Luigi stava lavorando con alcune ragazze su una novella del Boccaccio, quando d’improvviso nella stanza del centro di aiuto allo studio era entrata Marim, sventolando un foglio bianco e chiedendo chi sapesse la risposta alla domanda che c’era scritta ma che non si riusciva a leggere.
“Che domanda è?” aveva chiesto Nadia, non si capiva se per modo di dire o se veramente intenzionata a prenderla sul serio.
Marim l’aveva guardata e si era lamentata perché solo a lei capitavano delle insegnanti così complicate e con il gusto di mettere in crisi gli studenti.
“Ho capito!” aveva reagito seccamente Nadia “ma che domanda è?”
Marim allora aveva messo nelle mani di Nadia il foglio bianco che aveva sventolato prima.
“Leggi ad alta voce!” aveva chiesto con determinazione Luigi.
“La domanda è: Che senso ha studiare?” aveva letto ad alta voce Nadia.
Era sceso un silenzio profondo.
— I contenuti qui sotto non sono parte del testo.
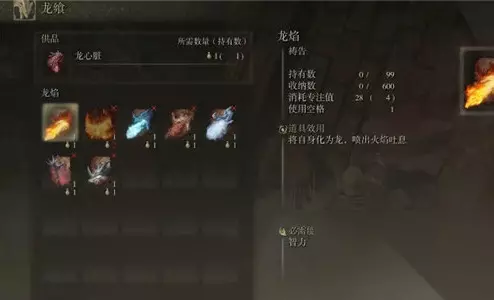 总之,龙心脏的用途就是兑换强力的祷告技能,这个材料的作用还是相当之大的,到后期如果你想玩龙系祷告,可以洗点去加信仰来试试。 龙心脏使用方法分享 1、艾尔登法环龙心脏是我们击败巨龙BOSS后可以获得的道具,我们可以在龙飨教堂使用龙之心兑换各种龙祷告,龙祷告需要我们有较高的信仰才能够使用。
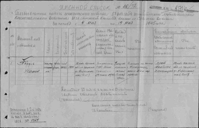 По ее словам, документы указывают на то, что в могиле лежит мужчина из Южно-Казахстанской области (ныне Туркестанской – ред.) из города Шымкент. Был прописан по адресу: Нефтескладская дом № 7, на фронт ушел в 1941 году. Погибшего зовут Жиман Абдуев. Он был разведчиком. В этой местности оказался во время освобождения Праги. Был ранен 9 мая, скончался 13 мая 1945 года. Ему был 21 год. В документе о его смерти указан ближайший родственник – брат Хажумурат Мамбетов с тем же адресом прописки.

La domanda implicava che si ragionasse, non che si ripetesse una formula e le ragazze, abituate a studiare a memoria, si trovavano a disagio di fronte ad un simile interrogativo.
“Io – aveva tentato Sara – non ho questa domanda, studio perché devo, punto e stop”.
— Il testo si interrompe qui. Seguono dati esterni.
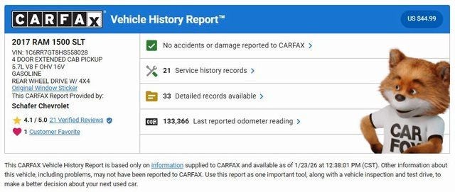 Schafer Chevrolet is proud to have a 4.5 star Google review rating on over 1,000 reviews by real customers just like you. Our store has been reliable and trusted for our 90 years in business. Schafer Chevrolet is the only dealer to give you all this! Our inventory moves fast! So get off the internet now, and give us a call or come in! You'll be glad you did! * 3 day return policy is only available on vehicles less than ten years of age and under 100,000 miles. Limited to 150 miles after purchase. $500 restocking fee applies.** 6 month/6,000 mile limited powertrain warranty only pertains to vehicles with under 100,000 miles and less than ten years of age.

“Dài, chiediamo a Google, lui sa rispondere a tutto” aveva allora detto Fatima, pensando di avere fatto una gran bella scoperta. E tutte si erano messe a chiedere a Google che senso avesse studiare.
“No, no! Google, non latino o filosofia ma studiare a livello generale” aveva precisato Sara, e Google, con la sua voce metallica, le aveva risposto che le conoscenze acquisite le sarebbero servite poi nella vita futura.
Sara aveva replicato che non le bastava quella risposta.
“Certo che mi sarà utile domani ciò che sto studiando adesso, ma io voglio sapere perché devo studiare ora” e Google stava in un imbarazzante silenzio, come le ragazze, come Luigi.
“Scrivo quello che ha detto Google” aveva allora chiuso il discorso Marim che aveva un compito impellente, infatti doveva rispondere alla domanda per iscritto.
“No, Marim, aspetta un attimo” l’aveva fermata Luigi e rivolgendosi a tutte le ragazze aveva rilanciato la domanda. “Ma perché, perché studiate?”
“Io sono d’accordo con Google, io studio perché bisogna farlo, se non lo facessi non avrei in futuro una professione dignitosa” aveva affermato in modo stentoreo Nadia.
“Solo per questo?” l’aveva incalzata Luigi e Nadia aveva risposto che vi era certo qualcosa d’altro ma non riusciva a dire che cosa.
Luigi aveva insistito, ma nessuna delle ragazze pareva cogliere il perché della sua caparbia insistenza, anzi cominciavano ad emergere le lamentele di chi non ce la faceva più di una scuola sempre più faticosa. Sara allora aveva di nuovo sottolineato che a lei non bastava il domani come ragione della fatica dell’oggi.
“E allora?” aveva richiesto Luigi, “e allora?” aveva insistito “perché lo fai?”
“Boh!” aveva risposto Sara a Luigi, che avrebbe voluto prenderla a sberle per quella sua resistenza a guardare dentro la sua giornata.
“Sara, perché studi? Perché vieni qui a studiare? Perché?”
“Perché studiare, imparare, fa crescere me! Perché è per me!” aveva detto allora Sara, come sorpresa di qualcosa che in realtà le stava accadendo, ma che aveva avuto bisogno di Luigi per essere afferrato.